• Task prompt: Which lines below fall between the one containing "Handcuffed, a handsome" and the one containing "En Chetumal, personal"? Repeat them exactly, counting both of those lines, and add nothing else.

───── Input records ─────

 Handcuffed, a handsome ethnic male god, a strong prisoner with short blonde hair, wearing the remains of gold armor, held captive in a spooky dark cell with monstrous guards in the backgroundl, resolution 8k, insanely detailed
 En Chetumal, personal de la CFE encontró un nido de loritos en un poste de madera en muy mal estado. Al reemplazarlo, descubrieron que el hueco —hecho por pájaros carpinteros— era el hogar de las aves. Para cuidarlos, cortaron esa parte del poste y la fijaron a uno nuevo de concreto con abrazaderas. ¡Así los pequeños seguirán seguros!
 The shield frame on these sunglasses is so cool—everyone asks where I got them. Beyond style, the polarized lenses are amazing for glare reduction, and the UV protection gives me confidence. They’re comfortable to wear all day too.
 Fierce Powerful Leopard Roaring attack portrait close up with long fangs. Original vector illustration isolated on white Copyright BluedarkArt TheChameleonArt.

─────
───── Input records ─────

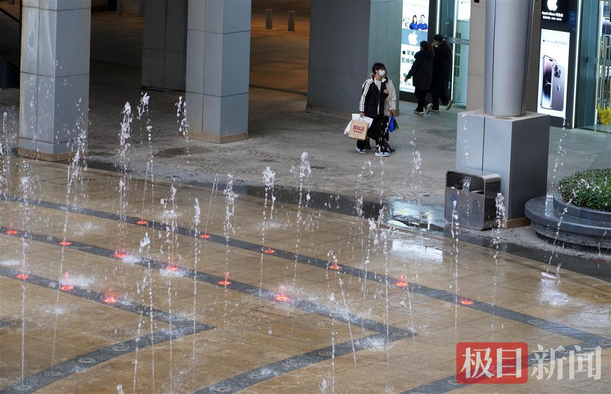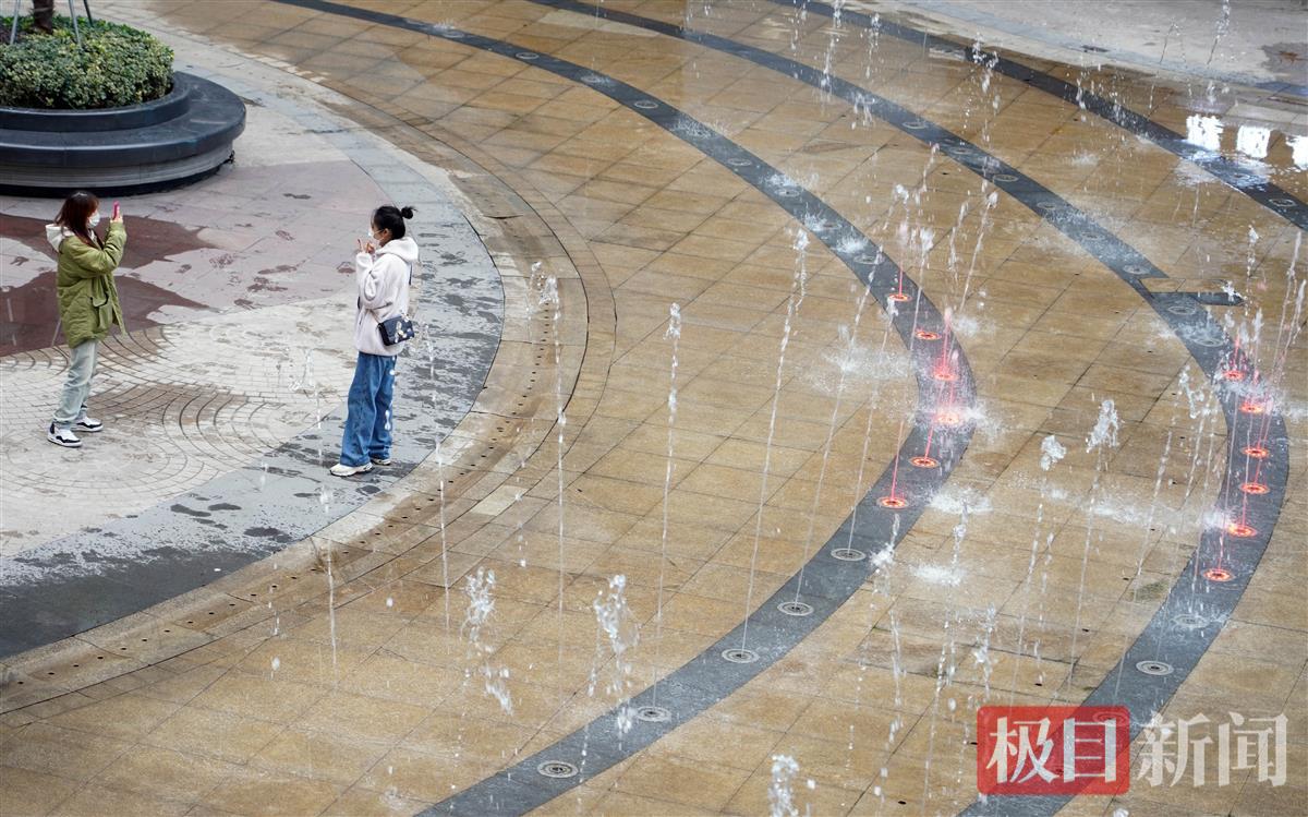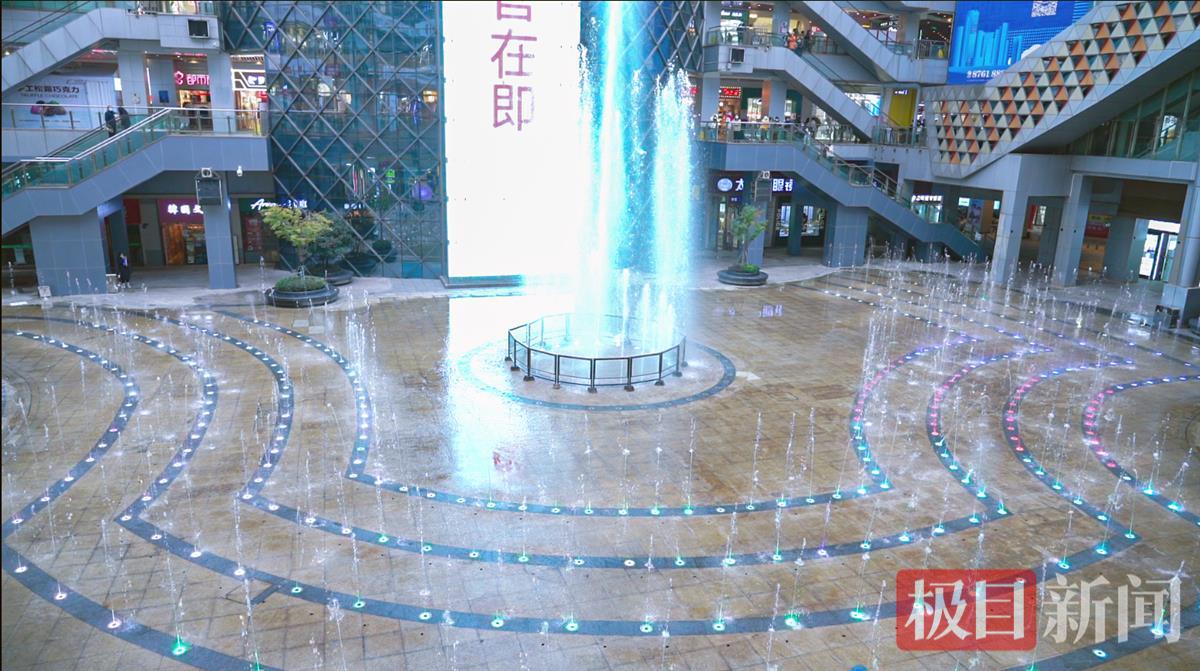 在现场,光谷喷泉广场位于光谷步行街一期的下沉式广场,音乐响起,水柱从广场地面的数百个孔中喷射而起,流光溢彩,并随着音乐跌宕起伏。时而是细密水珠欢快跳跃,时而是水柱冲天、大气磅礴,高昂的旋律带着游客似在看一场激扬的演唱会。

─────
───── Input records ─────

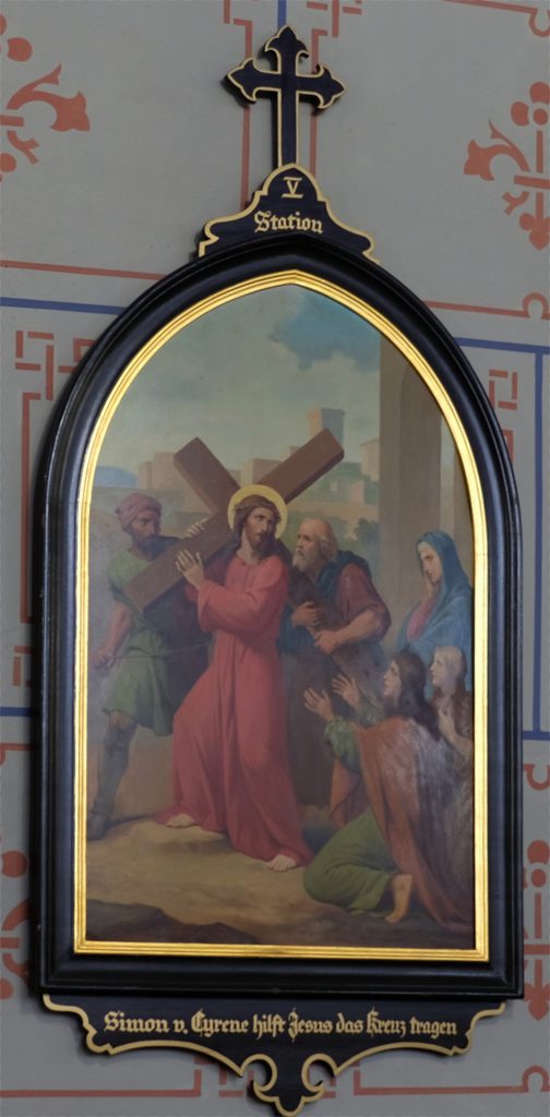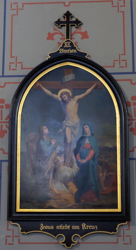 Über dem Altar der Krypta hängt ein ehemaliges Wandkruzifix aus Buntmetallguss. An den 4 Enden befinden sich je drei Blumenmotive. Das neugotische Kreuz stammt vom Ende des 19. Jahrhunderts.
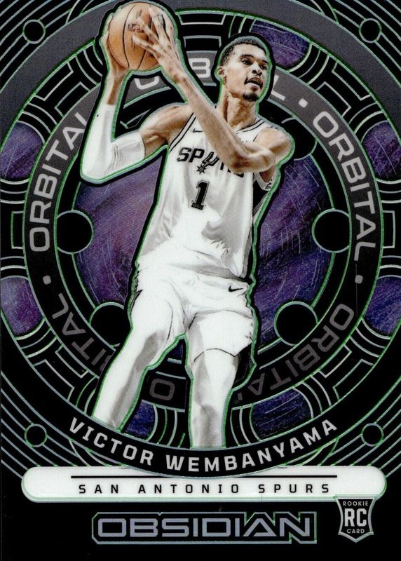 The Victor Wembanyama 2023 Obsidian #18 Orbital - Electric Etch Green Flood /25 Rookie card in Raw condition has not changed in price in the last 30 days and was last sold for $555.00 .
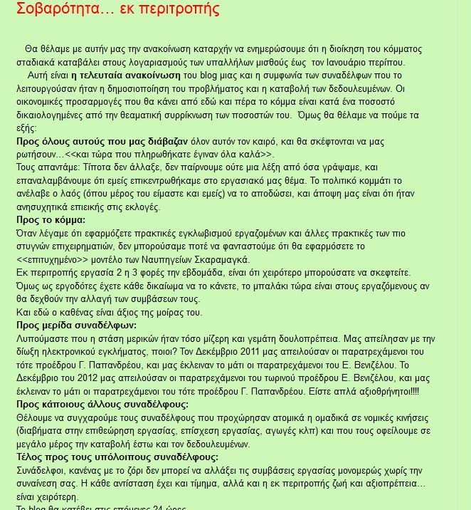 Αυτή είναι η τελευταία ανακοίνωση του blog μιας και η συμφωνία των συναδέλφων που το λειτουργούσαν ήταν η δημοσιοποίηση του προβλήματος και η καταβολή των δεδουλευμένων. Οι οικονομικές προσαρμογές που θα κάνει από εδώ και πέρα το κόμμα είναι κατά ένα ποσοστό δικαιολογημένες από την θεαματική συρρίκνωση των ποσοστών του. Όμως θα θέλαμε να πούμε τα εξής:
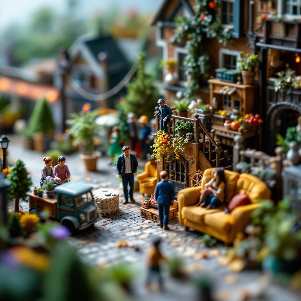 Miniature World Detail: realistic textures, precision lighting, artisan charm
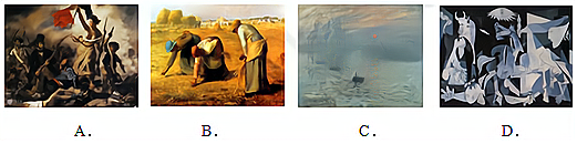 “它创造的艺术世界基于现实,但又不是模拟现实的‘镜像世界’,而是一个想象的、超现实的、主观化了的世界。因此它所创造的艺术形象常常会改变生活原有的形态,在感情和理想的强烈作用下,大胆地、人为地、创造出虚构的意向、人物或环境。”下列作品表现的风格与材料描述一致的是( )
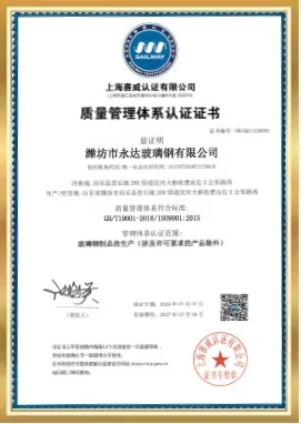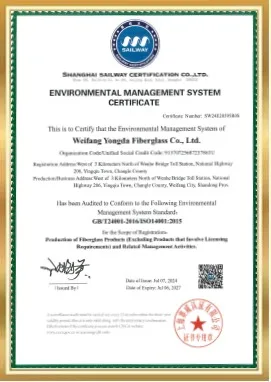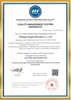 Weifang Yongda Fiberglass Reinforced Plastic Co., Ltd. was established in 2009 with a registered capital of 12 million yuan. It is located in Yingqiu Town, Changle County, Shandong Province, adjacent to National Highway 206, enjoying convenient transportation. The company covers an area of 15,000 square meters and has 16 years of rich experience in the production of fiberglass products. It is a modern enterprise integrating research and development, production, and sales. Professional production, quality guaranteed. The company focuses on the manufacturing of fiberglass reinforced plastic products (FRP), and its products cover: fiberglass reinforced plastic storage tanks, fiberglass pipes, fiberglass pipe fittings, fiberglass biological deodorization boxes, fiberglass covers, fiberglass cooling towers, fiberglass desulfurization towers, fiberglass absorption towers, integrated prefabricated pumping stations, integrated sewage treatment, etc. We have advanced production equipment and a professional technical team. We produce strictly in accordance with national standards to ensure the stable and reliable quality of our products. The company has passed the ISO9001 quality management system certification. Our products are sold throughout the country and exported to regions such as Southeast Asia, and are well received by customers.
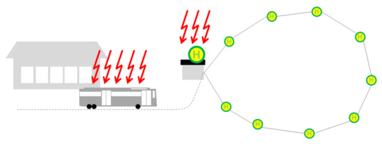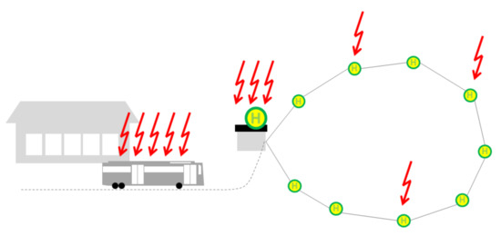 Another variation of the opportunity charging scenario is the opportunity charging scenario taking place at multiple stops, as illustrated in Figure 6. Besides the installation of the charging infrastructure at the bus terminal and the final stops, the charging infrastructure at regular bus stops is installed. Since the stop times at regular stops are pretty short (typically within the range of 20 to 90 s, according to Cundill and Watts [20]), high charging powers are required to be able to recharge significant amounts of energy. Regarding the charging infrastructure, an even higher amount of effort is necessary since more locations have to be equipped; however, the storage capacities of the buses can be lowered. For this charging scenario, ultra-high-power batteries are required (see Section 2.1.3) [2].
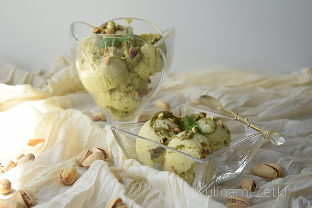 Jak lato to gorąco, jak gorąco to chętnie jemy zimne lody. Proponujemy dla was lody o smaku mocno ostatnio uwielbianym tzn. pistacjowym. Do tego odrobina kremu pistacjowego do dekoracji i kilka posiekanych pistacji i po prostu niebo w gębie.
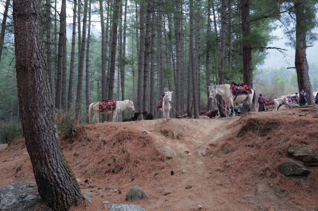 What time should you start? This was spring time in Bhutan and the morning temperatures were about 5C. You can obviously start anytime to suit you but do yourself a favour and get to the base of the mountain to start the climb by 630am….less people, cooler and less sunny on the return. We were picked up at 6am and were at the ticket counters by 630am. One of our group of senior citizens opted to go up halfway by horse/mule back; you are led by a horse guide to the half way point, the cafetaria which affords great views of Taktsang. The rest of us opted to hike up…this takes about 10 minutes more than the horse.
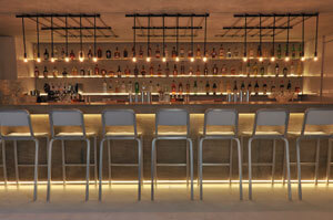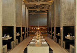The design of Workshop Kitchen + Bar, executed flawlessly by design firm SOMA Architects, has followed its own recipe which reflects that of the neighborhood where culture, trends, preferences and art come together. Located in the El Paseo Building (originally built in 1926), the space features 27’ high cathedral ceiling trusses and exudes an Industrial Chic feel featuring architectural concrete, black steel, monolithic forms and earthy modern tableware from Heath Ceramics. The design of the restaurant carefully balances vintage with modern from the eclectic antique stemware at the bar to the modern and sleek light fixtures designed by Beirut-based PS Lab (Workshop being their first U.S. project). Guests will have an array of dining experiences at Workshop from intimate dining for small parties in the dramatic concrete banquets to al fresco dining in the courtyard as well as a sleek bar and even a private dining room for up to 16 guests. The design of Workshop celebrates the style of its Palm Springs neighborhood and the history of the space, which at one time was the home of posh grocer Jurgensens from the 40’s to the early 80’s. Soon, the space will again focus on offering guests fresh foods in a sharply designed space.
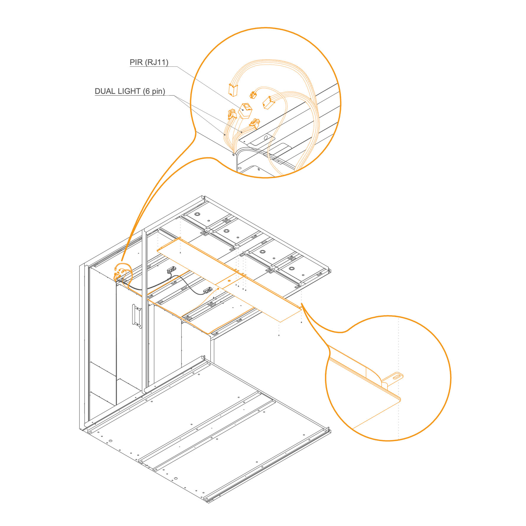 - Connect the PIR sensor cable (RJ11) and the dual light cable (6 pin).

─────

• Exercise solution:
 Handcuffed, a handsome ethnic male god, a strong prisoner with short blonde hair, wearing the remains of gold armor, held captive in a spooky dark cell with monstrous guards in the backgroundl, resolution 8k, insanely detailed
 En Chetumal, personal de la CFE encontró un nido de loritos en un poste de madera en muy mal estado. Al reemplazarlo, descubrieron que el hueco —hecho por pájaros carpinteros— era el hogar de las aves. Para cuidarlos, cortaron esa parte del poste y la fijaron a uno nuevo de concreto con abrazaderas. ¡Así los pequeños seguirán seguros!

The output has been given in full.